* ACTION ITEM *
The pictures in the listing below are to be skipped, while the lines between the line holding "Gdzieś kiedyś widziałem" and the line holding "rosecastle秘密花语白色法式婚鞋女日常婚礼两穿不累脚细跟高跟鞋", inclusive, are to be output exactly.
[Opening GIVEN RECORDS section]
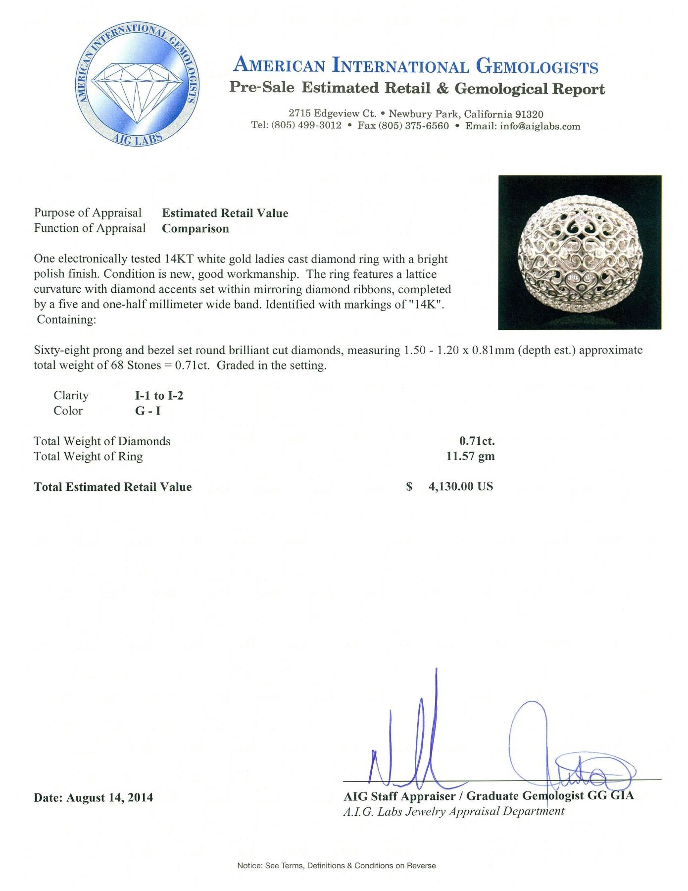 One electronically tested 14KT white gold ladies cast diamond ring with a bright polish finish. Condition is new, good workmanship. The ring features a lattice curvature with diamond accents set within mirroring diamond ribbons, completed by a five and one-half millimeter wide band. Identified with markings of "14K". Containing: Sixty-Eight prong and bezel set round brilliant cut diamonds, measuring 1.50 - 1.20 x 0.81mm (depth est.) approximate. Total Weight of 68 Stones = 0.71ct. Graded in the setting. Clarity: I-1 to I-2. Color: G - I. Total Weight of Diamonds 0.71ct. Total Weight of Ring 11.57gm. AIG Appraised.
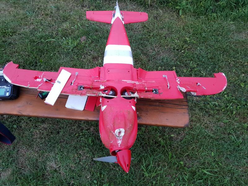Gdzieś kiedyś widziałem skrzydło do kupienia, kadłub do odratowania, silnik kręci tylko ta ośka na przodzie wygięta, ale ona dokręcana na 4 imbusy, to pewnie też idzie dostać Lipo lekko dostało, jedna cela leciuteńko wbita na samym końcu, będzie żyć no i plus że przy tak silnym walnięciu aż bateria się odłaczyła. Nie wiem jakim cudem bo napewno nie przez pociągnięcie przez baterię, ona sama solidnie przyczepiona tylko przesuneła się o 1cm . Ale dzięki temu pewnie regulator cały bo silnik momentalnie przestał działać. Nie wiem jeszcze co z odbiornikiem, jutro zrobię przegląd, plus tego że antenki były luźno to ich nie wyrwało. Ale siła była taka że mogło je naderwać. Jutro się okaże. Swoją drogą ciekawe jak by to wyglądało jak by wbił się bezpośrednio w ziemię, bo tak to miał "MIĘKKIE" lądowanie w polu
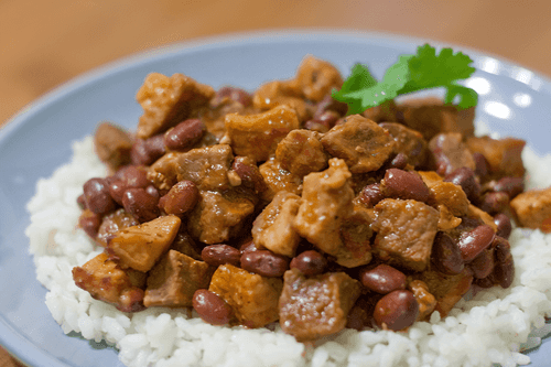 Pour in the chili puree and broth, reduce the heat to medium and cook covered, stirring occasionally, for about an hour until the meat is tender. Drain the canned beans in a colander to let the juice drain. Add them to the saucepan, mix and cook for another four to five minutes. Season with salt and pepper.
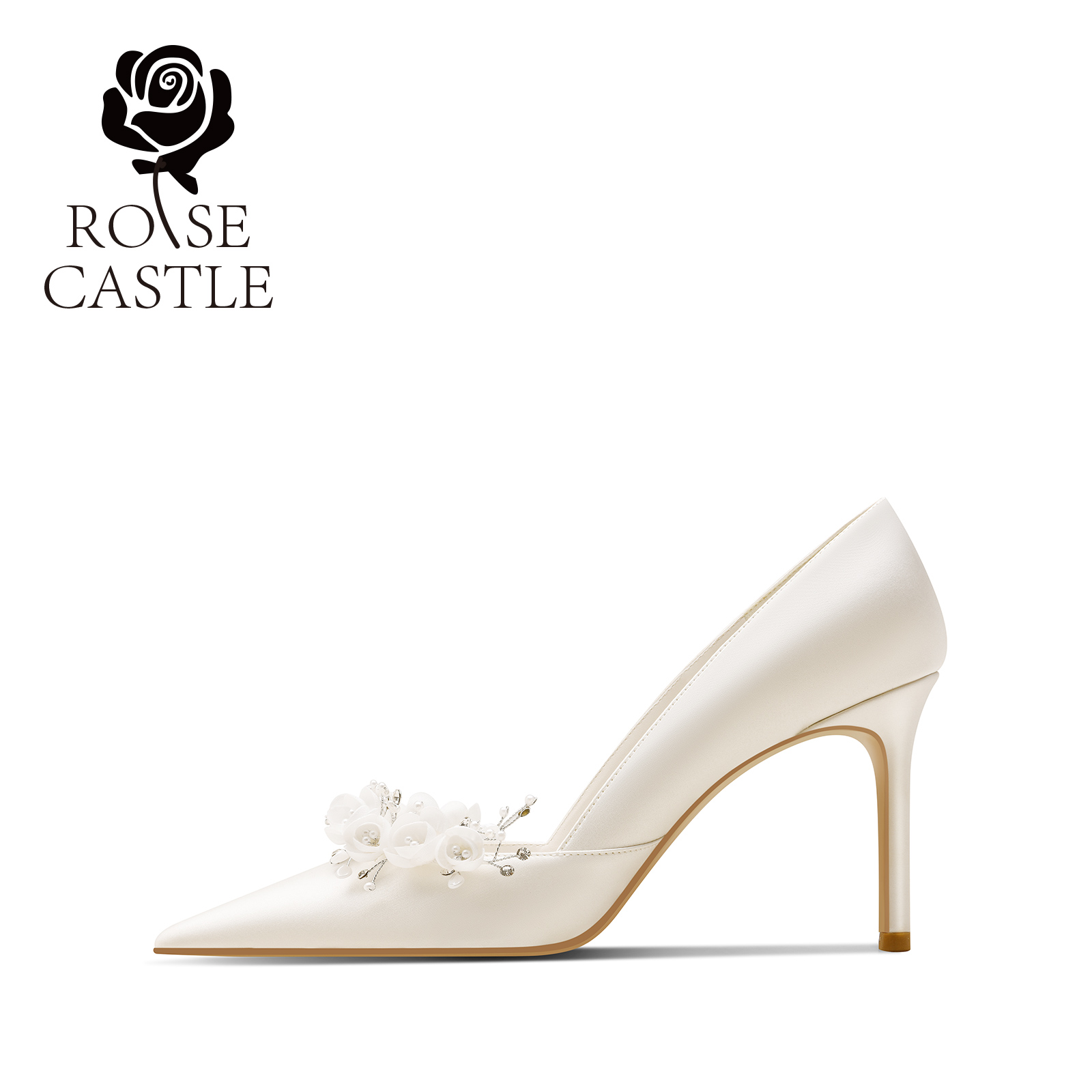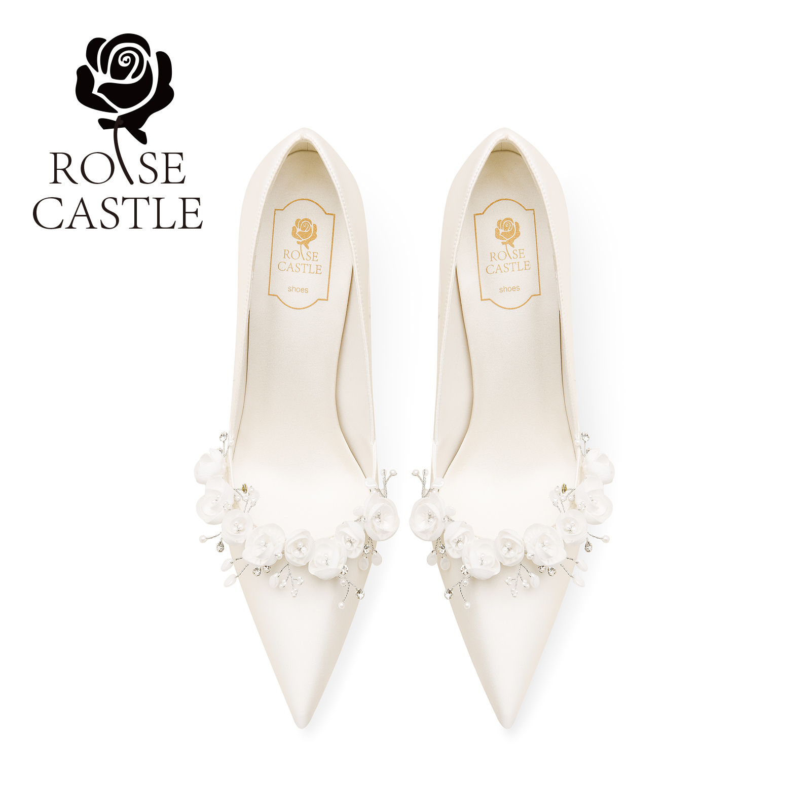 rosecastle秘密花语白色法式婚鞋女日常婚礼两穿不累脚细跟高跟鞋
[Closing GIVEN RECORDS section]
[Opening GIVEN RECORDS section]
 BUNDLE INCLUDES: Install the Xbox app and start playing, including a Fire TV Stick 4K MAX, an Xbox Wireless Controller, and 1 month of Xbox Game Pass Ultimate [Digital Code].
[Closing GIVEN RECORDS section]
* RESULT OF THIS EXERCISE *
Gdzieś kiedyś widziałem skrzydło do kupienia, kadłub do odratowania, silnik kręci tylko ta ośka na przodzie wygięta, ale ona dokręcana na 4 imbusy, to pewnie też idzie dostać Lipo lekko dostało, jedna cela leciuteńko wbita na samym końcu, będzie żyć no i plus że przy tak silnym walnięciu aż bateria się odłaczyła. Nie wiem jakim cudem bo napewno nie przez pociągnięcie przez baterię, ona sama solidnie przyczepiona tylko przesuneła się o 1cm . Ale dzięki temu pewnie regulator cały bo silnik momentalnie przestał działać. Nie wiem jeszcze co z odbiornikiem, jutro zrobię przegląd, plus tego że antenki były luźno to ich nie wyrwało. Ale siła była taka że mogło je naderwać. Jutro się okaże. Swoją drogą ciekawe jak by to wyglądało jak by wbił się bezpośrednio w ziemię, bo tak to miał "MIĘKKIE" lądowanie w polu
 Pour in the chili puree and broth, reduce the heat to medium and cook covered, stirring occasionally, for about an hour until the meat is tender. Drain the canned beans in a colander to let the juice drain. Add them to the saucepan, mix and cook for another four to five minutes. Season with salt and pepper.
 rosecastle秘密花语白色法式婚鞋女日常婚礼两穿不累脚细跟高跟鞋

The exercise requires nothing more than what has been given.